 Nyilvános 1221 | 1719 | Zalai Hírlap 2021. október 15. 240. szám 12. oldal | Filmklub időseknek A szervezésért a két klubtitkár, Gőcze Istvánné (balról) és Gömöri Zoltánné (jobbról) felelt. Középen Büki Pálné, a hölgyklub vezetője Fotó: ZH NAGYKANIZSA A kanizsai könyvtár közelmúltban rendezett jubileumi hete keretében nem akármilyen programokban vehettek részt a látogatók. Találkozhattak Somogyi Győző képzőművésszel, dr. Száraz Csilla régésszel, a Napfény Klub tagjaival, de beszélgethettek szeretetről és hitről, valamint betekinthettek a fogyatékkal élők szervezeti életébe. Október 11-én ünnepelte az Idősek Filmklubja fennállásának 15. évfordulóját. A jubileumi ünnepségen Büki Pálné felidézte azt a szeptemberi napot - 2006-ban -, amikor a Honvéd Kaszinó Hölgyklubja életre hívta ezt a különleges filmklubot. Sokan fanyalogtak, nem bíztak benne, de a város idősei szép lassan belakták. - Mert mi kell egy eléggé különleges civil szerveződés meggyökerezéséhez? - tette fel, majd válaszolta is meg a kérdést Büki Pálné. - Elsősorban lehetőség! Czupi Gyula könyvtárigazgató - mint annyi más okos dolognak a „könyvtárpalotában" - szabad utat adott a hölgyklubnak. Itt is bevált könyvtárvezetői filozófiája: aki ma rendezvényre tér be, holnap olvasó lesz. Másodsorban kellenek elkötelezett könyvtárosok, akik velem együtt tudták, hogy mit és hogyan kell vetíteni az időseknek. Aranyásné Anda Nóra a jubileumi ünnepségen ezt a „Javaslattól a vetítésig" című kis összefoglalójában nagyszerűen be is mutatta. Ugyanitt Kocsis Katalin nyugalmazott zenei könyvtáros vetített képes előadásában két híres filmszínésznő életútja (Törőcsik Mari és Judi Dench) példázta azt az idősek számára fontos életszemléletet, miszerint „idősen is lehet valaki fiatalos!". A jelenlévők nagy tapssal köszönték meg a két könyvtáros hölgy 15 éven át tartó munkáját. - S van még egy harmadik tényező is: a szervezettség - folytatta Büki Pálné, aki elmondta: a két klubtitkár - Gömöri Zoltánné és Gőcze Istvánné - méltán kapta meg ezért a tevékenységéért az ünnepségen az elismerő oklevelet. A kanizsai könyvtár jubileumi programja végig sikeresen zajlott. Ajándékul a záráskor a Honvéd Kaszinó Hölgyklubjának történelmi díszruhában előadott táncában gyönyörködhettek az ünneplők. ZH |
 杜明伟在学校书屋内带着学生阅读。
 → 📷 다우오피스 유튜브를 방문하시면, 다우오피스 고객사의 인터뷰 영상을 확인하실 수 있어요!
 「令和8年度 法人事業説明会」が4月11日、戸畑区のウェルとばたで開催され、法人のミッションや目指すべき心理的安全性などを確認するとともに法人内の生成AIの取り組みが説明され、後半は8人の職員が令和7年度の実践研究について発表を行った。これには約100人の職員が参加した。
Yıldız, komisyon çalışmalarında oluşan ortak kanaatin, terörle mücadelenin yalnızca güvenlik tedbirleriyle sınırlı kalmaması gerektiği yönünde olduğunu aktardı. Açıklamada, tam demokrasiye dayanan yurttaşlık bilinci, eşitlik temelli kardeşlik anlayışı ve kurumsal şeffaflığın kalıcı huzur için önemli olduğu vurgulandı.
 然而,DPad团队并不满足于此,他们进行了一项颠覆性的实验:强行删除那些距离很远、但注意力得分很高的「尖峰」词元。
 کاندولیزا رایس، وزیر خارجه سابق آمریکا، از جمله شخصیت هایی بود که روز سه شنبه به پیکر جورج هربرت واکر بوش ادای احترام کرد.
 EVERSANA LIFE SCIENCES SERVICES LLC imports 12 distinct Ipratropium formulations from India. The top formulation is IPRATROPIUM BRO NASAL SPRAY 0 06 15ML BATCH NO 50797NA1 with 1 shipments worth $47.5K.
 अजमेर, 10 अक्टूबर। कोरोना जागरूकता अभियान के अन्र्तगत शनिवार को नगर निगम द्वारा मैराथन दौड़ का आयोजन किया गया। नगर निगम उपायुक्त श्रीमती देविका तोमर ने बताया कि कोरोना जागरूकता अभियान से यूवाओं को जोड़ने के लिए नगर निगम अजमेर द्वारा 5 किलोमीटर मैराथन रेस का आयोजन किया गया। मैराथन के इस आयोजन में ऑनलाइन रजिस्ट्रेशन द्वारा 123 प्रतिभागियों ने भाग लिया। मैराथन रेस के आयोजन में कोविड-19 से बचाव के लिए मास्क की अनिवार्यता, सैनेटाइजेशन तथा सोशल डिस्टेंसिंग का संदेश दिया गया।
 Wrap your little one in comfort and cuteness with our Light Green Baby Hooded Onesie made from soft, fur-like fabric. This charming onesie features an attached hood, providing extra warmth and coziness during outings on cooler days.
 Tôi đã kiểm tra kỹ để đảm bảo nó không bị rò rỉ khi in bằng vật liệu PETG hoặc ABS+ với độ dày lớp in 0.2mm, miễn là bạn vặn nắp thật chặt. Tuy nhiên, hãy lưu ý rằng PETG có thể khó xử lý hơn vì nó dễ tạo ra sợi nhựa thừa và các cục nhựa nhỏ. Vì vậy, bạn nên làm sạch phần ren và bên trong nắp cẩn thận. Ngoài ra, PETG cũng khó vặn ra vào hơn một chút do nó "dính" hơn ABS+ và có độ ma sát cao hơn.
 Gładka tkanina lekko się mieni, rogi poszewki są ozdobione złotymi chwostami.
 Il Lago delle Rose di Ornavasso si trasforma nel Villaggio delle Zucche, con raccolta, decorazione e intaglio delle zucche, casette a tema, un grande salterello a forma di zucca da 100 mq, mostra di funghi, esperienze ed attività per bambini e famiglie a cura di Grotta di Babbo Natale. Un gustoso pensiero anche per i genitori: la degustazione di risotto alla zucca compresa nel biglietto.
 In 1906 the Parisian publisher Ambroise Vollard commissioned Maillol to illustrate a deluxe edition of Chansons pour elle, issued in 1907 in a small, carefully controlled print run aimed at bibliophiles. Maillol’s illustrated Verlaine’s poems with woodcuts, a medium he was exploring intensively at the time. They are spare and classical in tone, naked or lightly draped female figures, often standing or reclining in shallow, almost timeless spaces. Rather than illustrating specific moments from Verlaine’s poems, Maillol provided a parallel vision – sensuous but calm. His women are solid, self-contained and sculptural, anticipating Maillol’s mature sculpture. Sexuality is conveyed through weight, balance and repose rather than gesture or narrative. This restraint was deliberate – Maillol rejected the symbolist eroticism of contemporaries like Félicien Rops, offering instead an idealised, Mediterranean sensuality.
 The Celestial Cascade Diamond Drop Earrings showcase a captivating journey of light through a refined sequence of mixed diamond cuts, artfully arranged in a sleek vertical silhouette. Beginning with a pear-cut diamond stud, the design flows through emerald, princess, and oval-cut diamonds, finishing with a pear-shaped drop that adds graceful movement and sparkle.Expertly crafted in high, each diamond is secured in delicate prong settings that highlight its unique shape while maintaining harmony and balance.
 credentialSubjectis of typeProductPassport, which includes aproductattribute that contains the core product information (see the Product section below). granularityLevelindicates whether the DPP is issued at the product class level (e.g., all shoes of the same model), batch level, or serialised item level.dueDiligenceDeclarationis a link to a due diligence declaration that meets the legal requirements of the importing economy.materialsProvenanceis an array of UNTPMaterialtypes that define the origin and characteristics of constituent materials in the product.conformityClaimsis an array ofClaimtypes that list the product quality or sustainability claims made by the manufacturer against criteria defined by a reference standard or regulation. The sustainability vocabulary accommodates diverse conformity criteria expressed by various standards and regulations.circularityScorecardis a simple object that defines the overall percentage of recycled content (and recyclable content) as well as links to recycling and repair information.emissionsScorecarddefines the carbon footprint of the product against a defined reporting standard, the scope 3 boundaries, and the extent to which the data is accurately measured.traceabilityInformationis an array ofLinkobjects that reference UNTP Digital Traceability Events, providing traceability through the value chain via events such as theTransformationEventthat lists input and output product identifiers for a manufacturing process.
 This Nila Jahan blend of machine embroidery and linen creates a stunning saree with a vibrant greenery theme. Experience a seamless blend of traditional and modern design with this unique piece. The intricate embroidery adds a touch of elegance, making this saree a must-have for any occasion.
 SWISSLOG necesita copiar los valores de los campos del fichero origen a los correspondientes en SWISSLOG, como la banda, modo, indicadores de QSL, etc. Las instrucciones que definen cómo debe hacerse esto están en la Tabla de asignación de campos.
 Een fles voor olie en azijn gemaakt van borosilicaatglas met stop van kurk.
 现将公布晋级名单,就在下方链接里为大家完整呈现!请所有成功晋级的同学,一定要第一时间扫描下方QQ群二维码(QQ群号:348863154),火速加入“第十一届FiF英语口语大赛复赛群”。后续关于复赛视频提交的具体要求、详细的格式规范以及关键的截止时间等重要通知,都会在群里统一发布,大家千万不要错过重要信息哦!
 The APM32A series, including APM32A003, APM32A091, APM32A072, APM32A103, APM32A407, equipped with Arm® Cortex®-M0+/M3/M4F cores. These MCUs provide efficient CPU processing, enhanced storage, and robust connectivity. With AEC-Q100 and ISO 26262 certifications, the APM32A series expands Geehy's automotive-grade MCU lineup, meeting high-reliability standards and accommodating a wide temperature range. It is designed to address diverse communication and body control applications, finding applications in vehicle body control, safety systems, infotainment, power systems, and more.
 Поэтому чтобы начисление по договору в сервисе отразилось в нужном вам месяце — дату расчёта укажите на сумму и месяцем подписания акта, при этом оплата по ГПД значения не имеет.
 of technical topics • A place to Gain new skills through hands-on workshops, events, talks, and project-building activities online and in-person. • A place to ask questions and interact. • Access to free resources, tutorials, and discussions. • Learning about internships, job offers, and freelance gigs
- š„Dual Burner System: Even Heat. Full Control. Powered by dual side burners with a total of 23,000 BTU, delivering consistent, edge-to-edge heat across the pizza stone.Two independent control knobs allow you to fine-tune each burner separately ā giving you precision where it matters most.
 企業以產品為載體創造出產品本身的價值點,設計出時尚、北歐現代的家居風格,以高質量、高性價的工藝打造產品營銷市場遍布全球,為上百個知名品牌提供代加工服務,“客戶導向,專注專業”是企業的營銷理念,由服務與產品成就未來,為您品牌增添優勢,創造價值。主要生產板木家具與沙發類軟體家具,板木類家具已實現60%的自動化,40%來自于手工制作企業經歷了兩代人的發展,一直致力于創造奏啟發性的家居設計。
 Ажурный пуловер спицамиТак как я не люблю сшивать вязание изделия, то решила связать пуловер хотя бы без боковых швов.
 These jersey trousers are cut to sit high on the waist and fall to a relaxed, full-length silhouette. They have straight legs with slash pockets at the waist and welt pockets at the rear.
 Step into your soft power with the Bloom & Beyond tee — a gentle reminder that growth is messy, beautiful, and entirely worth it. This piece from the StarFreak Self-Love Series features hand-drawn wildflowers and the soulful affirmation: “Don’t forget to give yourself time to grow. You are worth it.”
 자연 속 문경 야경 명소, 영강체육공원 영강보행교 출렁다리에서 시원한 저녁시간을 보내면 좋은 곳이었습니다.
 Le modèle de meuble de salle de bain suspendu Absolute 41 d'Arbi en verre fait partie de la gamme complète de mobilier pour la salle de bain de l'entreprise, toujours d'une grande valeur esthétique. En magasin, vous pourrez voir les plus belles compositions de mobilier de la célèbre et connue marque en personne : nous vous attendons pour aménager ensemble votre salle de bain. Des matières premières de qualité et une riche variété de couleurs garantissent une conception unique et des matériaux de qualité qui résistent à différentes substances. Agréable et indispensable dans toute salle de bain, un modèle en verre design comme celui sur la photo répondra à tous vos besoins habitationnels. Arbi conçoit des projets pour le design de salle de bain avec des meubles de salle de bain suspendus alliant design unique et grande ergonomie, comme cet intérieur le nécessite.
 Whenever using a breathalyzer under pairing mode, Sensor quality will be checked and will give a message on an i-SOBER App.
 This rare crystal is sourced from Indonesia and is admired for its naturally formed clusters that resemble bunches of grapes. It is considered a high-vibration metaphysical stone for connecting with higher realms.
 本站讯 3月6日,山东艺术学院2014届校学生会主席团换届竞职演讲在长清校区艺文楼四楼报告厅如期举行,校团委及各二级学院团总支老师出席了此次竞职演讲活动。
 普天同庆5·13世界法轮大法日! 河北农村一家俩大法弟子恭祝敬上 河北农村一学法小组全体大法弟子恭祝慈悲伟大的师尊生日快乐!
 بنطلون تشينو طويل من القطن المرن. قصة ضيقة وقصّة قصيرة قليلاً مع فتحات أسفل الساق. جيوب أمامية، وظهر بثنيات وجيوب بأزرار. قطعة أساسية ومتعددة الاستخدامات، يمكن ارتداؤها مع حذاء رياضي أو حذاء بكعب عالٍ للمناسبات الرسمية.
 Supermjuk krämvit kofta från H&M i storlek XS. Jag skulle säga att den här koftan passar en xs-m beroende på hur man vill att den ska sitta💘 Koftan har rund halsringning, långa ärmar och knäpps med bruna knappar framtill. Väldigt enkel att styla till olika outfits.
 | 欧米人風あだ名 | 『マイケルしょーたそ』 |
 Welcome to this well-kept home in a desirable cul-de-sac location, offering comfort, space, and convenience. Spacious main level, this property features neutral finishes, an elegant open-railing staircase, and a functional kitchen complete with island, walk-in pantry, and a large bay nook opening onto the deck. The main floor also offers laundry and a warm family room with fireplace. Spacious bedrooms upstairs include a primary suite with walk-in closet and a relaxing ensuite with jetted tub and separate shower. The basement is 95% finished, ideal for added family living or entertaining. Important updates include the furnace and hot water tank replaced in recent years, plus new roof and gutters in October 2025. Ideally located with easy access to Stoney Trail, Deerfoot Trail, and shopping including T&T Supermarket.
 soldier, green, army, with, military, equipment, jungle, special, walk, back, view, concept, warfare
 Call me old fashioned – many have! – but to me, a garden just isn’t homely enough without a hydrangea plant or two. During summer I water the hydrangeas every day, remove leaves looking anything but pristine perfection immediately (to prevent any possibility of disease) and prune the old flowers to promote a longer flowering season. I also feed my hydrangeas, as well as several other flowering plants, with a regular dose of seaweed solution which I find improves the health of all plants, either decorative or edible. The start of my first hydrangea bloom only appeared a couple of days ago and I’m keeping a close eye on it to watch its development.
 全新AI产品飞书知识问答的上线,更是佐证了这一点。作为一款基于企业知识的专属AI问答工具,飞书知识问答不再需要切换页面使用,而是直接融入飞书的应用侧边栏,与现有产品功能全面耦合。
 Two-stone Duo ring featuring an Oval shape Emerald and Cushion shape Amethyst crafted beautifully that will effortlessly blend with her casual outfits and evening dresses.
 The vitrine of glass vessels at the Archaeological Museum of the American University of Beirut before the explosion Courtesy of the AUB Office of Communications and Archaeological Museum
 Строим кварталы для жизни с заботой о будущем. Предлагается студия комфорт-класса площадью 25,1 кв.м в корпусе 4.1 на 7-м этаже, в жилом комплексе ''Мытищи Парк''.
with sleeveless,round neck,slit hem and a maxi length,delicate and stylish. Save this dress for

## Exercise instructions
In the entries above, find the line holding "SWISSLOG necesita copiar" and the line holding "现将公布晋级名单,就在下方链"; print both of them and every line between, exactly, and nothing else.

## Result of this exercise
 SWISSLOG necesita copiar los valores de los campos del fichero origen a los correspondientes en SWISSLOG, como la banda, modo, indicadores de QSL, etc. Las instrucciones que definen cómo debe hacerse esto están en la Tabla de asignación de campos.
 Een fles voor olie en azijn gemaakt van borosilicaatglas met stop van kurk.
 现将公布晋级名单,就在下方链接里为大家完整呈现!请所有成功晋级的同学,一定要第一时间扫描下方QQ群二维码(QQ群号:348863154),火速加入“第十一届FiF英语口语大赛复赛群”。后续关于复赛视频提交的具体要求、详细的格式规范以及关键的截止时间等重要通知,都会在群里统一发布,大家千万不要错过重要信息哦!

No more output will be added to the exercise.